Pour ce premier mercredi en tête à tête, j’avais très envie de retourner à Beaubourg (la dernière fois remonte à plus de trois ans). Je me suis dit qu’elle apprécierait la vue exceptionnelle sur la ville et la liberté de l’esplanade. Je trouve aussi que le centre Pompidou est un lieu ouvert, plein d’espace et de couleurs. Enfin et surtout je reste intimement persuadée qu’il n’y a pas meilleur spectateur que l’enfnat devant l’art contemporain. Pas de code, juste des ressentis. Je pourrais vous en reparler plus longuement mais pouvoir partager avec elle nos impressions autour d’un Klein ou d’un Beuys m’a réellement touchée.

Mais revenons à nos moutons, nous avons profité de cet après-midi pour aller voir l’exposition Magritte La trahison des images. Je dois dire que je ne suis pas forcément très fan du surréalisme mais j’ai pensé que ça pourrait être amusant de confronter nos points de vue avec Bérénice. Et sincèrement, c’était carrément sympa 🙂

Les images de Magritte sont déroutantes et c’est en cela que j’ai aimé parcourir l’exposition accompagné d’une petite fille de 6 ans. Les codes esthétiques et sémantiques sont mis à rude épreuve  mais visiblement tout cela n’a pas choqué une seule seconde Bérénice.

Bien entendu, il y a eu des moments d’interrogations, on a pris le temps d’y réfléchir, d’émettre des hypothèses, certaines loufoques, d’autres plus plausibles. C’était rigolo.

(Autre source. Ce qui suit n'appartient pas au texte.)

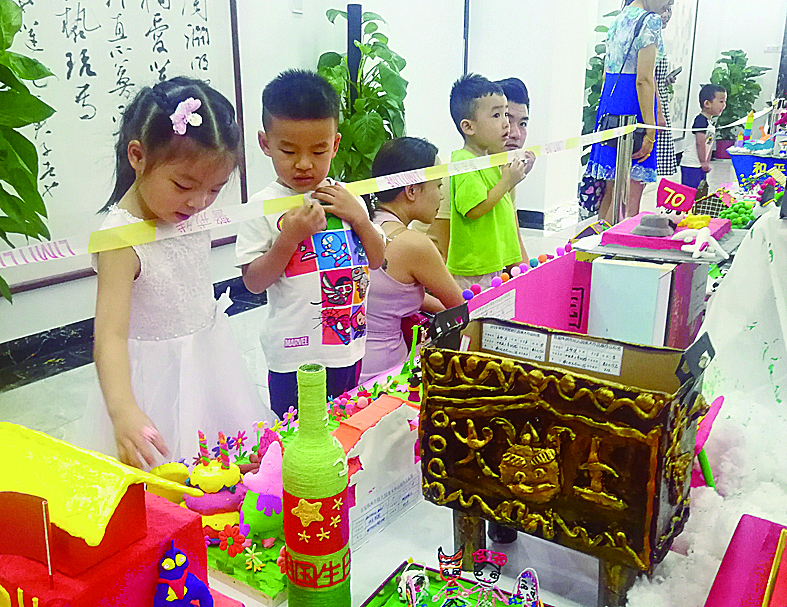 用红豆、玉米粒做成的天安门城楼、用彩泥捏成的56个民族人物、用纸盒做成的万里长城……这些创意满满又栩栩如生的作品,大多出自我市幼儿园小朋友之手。国庆期间,不少市民来到市文化园文化馆,欣赏株洲市首届幼儿美术展。
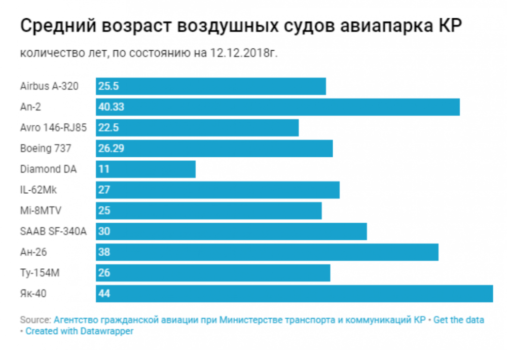 По данным Агентства гражданской авиации при Министерстве транспорта и дорог, в авиапарке Кыргызстана числятся 32 воздушных судна, 8 из которых — вертолеты. Из оставшихся 24-х пассажирских самолетов летной годности подлежат только 10.
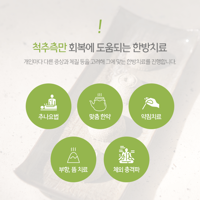 한약성분에서 추출해 정제한 약물을 주입하는 약침은 척추 주변에 통증을 유발하는 염증을 해소하고 손상된 신경을 회복하는데 도움이 됩니다. 또한 뜸, 부항을 이용해 과한 긴장을 풀어주며, 어혈을 제거해 혈액순환을 촉진하고 염증과 통증을 완화합니다.

René Magritte, Les vacances de Hegel, 1958. Huile sur toile, 60 x 50 cm Collection particulière
Bérénice m’a également beaucoup demandé de lire les mots disséminés au sein des oeuvres ainsi que leur titre . A l’heure où elle commence à apprendre à lire, j’ai trouvé intéressant de lui expliquer qu’on pouvait aussi faire une lecture visuelle.
Avec un titre comme Décalcomanie, cette toile ne pouvait que susciter la curiosité de ma fille.
On a parcouru le catalogue de l’exposition et ce fût l’occasion pour ma grande de découvrir d’autres artistes qui se moquent des représentations visuelles. Chema Madoz est un photographe qui a interpellé Bérénice avec sa cuillère et son ombre en forme de fourchette.
Le petit plus de cette exposition c’est qu’elle est vraiment à échelle humaine et que nous avons sans doute eu la chance de ne pas voir trop fréquenter.
Nous avons évidemment fini notre parcours surréaliste par un petit détour à la librairie. Je vous laisse avec une petite sélection de titres qui ont bien retenu notre attention.
Le cahier d’activités farfelues de René Magritte. – Elisabeth de Lambilly- Centre Pompidou (MNAM jeunesse).

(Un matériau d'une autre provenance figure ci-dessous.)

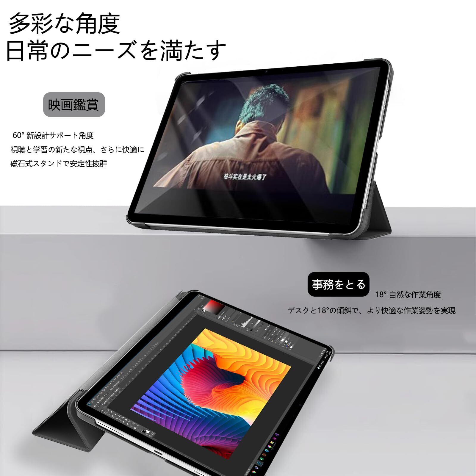 【自動スリープ/ウェイク機能】内蔵磁気センサーがカバーの開閉を感知。開封時に自動で画面が点灯、閉じると即座にスリープモードに移行する省電力設計。カバーの角度調節不要でワンタッチで操作可能なため。
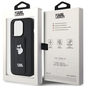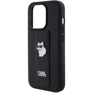 Tagakaaned Karl Lagerfeld Karl Lagerfeld Gripstand Saffiano Choupette Pins case for iPhone 15 Pro – black
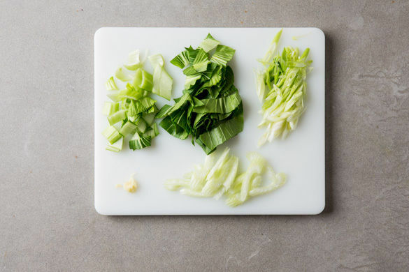 Den Pak Choi in 1–2cm breite Streifen schneiden, dabei die weißen und grünen Teile voneinander trennen und beiseitelegen. Die Lauchzwiebel schräg in feine Streifen schneiden. Den Stangensellerie in ca. 0,5cm dünne, schräge Streifen schneiden.

Magritte le livre animé de José Pons et Brigitte Stephan.- Palette

Magritte : de l’autre côté du miroir de Caroline Larroche.- Palette  (Artimini)

Bilan de cette journée : on refera ça c’est certain, j’ai d’ailleurs plein d’autres idées de promenades culturelles. Voici mon début de planning si cela peut en inspirer d’autres !
> Absolument aller voir l’exposition Icône de l’art moderne qui réunira Les musées de l’Ermitage et Pouchkine à la Fondation Vuitton : un événement qui ne se reproduira sûrement pas avant un bon bout de temps. (imaginez Le cri de Munch, la Danse de Matisse, et j’en passe…)
> Pénétrez le mythique théâtre Amandiers à Nanterre et aller y voir un spectacle jeune public (il faut que j’épluche la programmation)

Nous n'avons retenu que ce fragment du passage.